Selam Selin'in Askerleriii^^
Spoiler vermek gibi olmasın ama çok heyecanlı bir bölümm :))
İyi okumalar dilerim <3
___
"teşekkürler, iyi günler" Doruk kuryenin elindeki pizzaları Can ile beraber içeriye taşırken ben Kerem ile pubg oynuyordum.
"öldür Seloş!"
"lan dur mermi bitti!"
"öldürdüm!"
"işte bu bee!" biz birbirimize Çakarken onlar masayı hazırlıyordu.
"çorba parası çıktı desene" gülümseyip masaya geçtim. Kerem de arkamdan geldi. Hepimiz masalara yerleştiğimiz sırada pizzaları yemeye başladık. Hem yiyip hem sohbet ediyorduk.
"cidden yemek istemiyorum" başımı Furkan'a çevirdim hızla. Doruk'un verdiği pizzayı ittiriyordu. Kaşlarım çatılı onları izlemeye başladım
"yok öyle birşey"
"Ben sana demiştim zaten bana isteme diye"

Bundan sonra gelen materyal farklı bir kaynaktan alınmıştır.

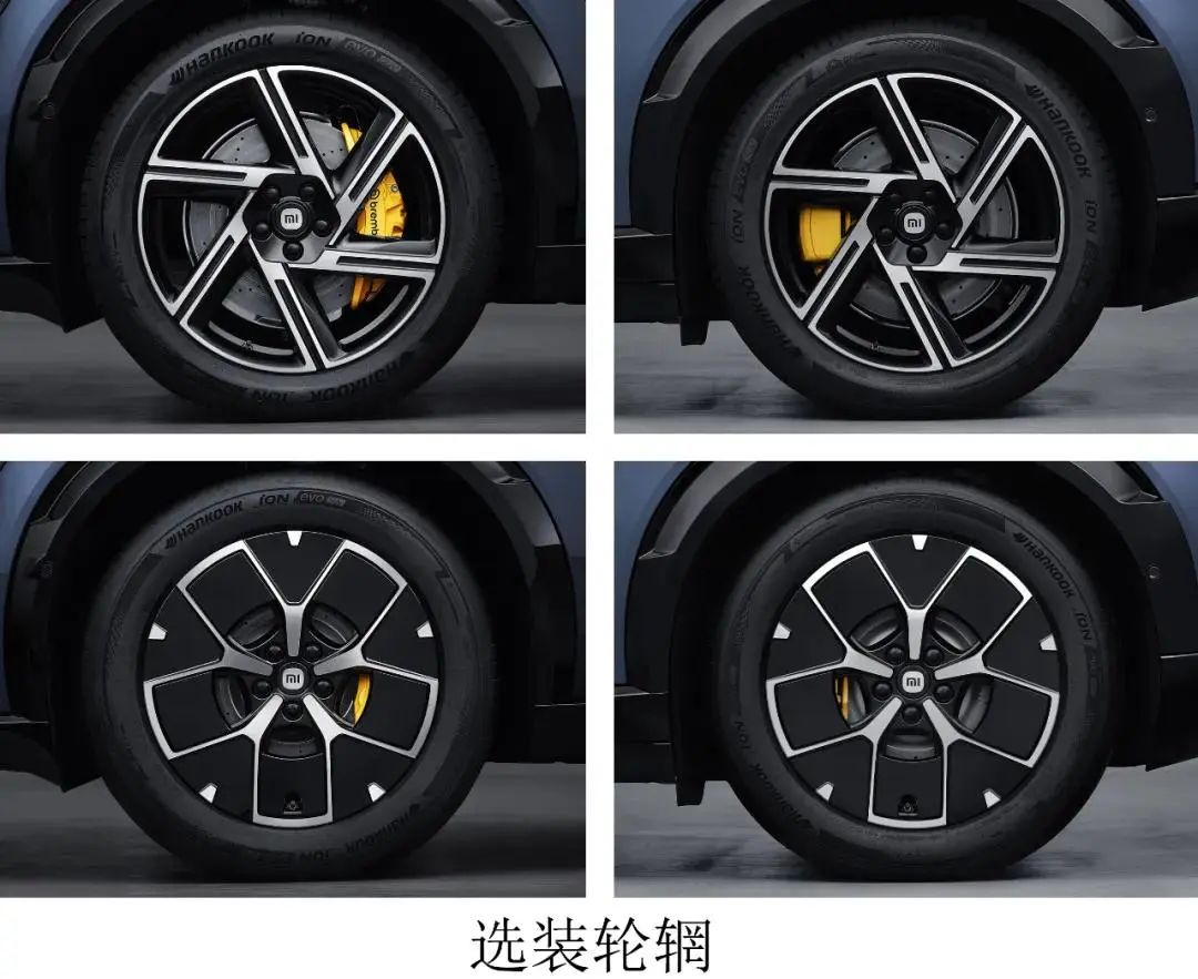 From the side view, Xiaomi YU7 features smooth overall lines, but unlike the highly acclaimed semi-hidden door handle design of SU7, YU7 adopts hidden door handles. It's unclear if this change is based on considerations of wind resistance coefficients. Additionally, the new car offers two styles of wheels: five-spoke petal-shaped and six-spoke, available in sizes of 19/20/21 inches, paired with yellow brake calipers, giving it a sporty and luxurious appearance.
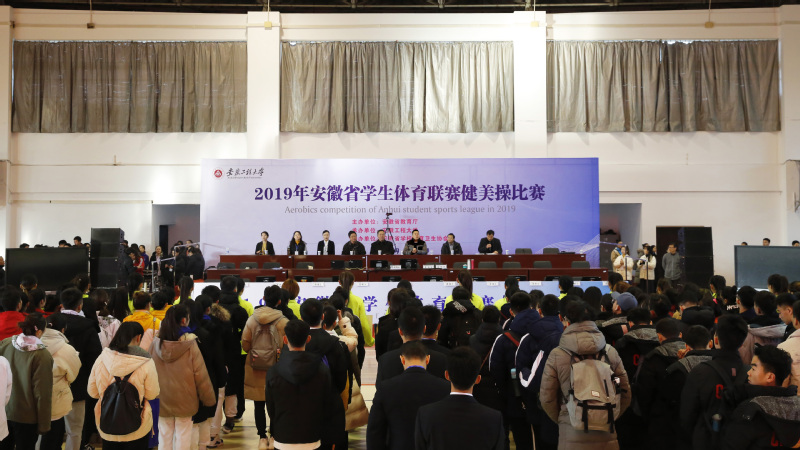 开幕式在庄严的国歌声中拉开序幕。郭兴众致开幕词。作为此次赛事的承办单位,他代表学校对与会人员表示欢迎,对支持学校发展人员致以感谢。他在简要介绍了学校的发展历史、基本情况之后,重点介绍了我校体育学院的创办情况及体育工作开展情况。他指出,我校积极组队参加国家、省级体育赛事,多次获得全国大学生体育舞蹈、健美操、散手及空手道比赛冠军,先后承办全国大学生空手道锦标赛、安徽省大学生篮球联赛等大型赛事,学校在最新发布的“中国高校体育竞赛榜100强”中位居全国第63位。为确保赛事的顺利开展,他希望,各参赛队领队和教练员要强化“文明比赛、安全比赛”意识,加强对队员的安全教育和管理;各位裁判员要本着“公开、公正、公平”的竞赛原则,认真准确地执行裁判工作;全体运动员要坚持“友谊第一、比赛第二”,赛出风格、赛出水平。同时,他代表学校承诺,竭诚为大家做好各项服务,努力为大家创造良好的比赛环境。最后,他预祝本次安徽省学生体育联赛健美操比赛取得圆满成功。
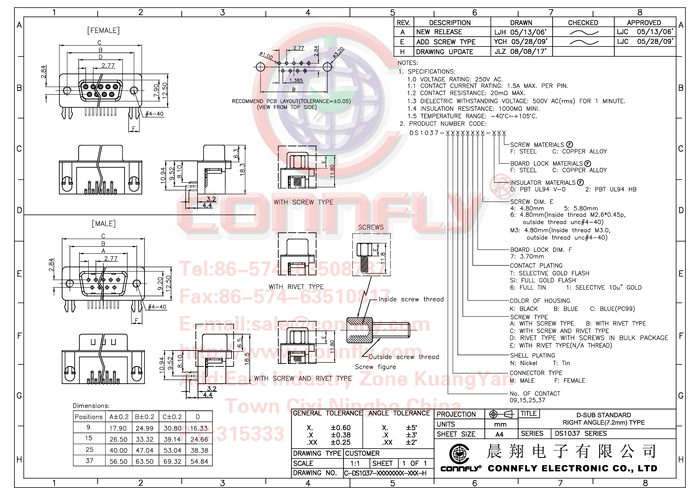 Connfly DS1037-15FNAKT74-0CC Listwa żeńska D-Sub DS1037-15FNAKT74-0CC, rzędy: 2, styki: 15, 1 szt.
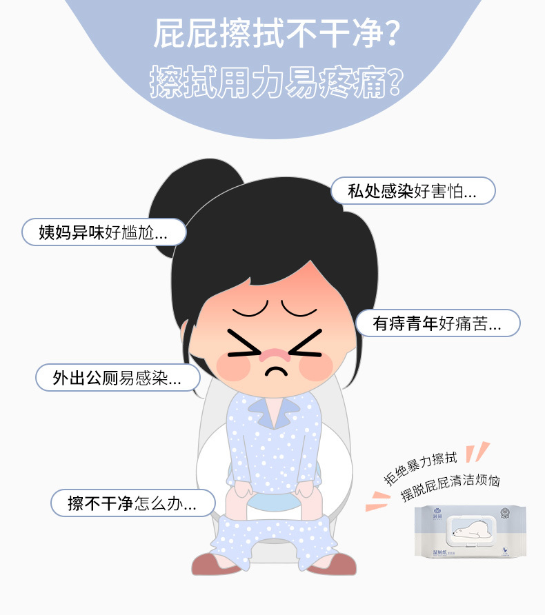 注意事项:仅供外用,避免用于开放性伤口,不可重复使用。本品可冲散,用后可以冲入厕内,但不要一次性丢入过多张,避免堵塞。

"saçmalama Furkan" Can atladı hemen
"bana bak çocuk, ye şunu asabımı bozma benim" yalandan takındığı sinirli yüz ifadesine bakıyordum Can'ın. Gözlerim Furkan'ın gözlerine kaydı tekrar. O kadar üzgün, yorgun ve çaresizdir ki, gözünden okunuyordu bu.
"canım istemiyor, cidden" Ben atladım söze
"yiyeceksin abi" Furkan istemeye istemeye önüne çekti pizzayı. Gerçekten birkaç saat önce yaşadığımız şeyler hiç normal şeyler değildi. Dışarıdaki yağmur şiddetini arttırırken Kerem söze girdi
"şuan polisler tarafından aranıyoruz farkında mısınız?" babam bizden bağımsız bir şekilde hiç sohbete katılmadan yemeğini yiyordu öylece
"şaka maka harbiden ha" söze atladım hızla
"bulurlar mı bizi?"
"vallahi eğer plakayı aldılarsa neden olmasın" pizzamdan bir ısırık daha aldım
"birde bu çıktı başımıza" hiç konuşmayan Furkan birşeyler mırıldandı
"kim söylemiş olabilir.."
"bilmiyoruz ki abi, saçmalık yani. Suç bile yok ortada, fake suç bu" hafiften gülümsedim
"telefonum nerede benim?" telefonumu ararken Doruk gülmeye başladı
"abi kız telefonunu yanına koyduğunu bile unutmuş ya, şaka gibi" yanıma baktım hemen, telefon yanımda, masanın üstündeydi. Gözümün önündekini görmüyordum cidden. Elimle kafamı göstererek Konuşmaya başladım
"benim burası onaltı gigabyte, birşeyi yüklemek için birşey silmek gerekiyor" hepsi gülerken telefonumu alıp cebime koydum. Furkan bizden tamamen kopmuş bir şekilde istemsizce pizzasını yiyordu. Üzgün gözlerle ona bakıp yemeğimi yemeye devam ettim. Yemekler bittikten sonra herşeyi toplayıp kaldırdıktan sonra koltuklara geçtik. Babam ise uyumaya gitti.
"oha filmin fragmanı çıkmış" Kerem telefonundan birşeyler izlerken Doruk ve Can telefonlarından birşeylere bakıyorlardı. Furkan ise arkasına yaslanmış ruhsuz ruhsuz bir noktaya bakıyordu.
"üzme kendini bu kadar.."
"söylemesi kolay.." hüzünle bakıyordum Furkan'a. Ne kadar çok yıkılmıştır kim bilir.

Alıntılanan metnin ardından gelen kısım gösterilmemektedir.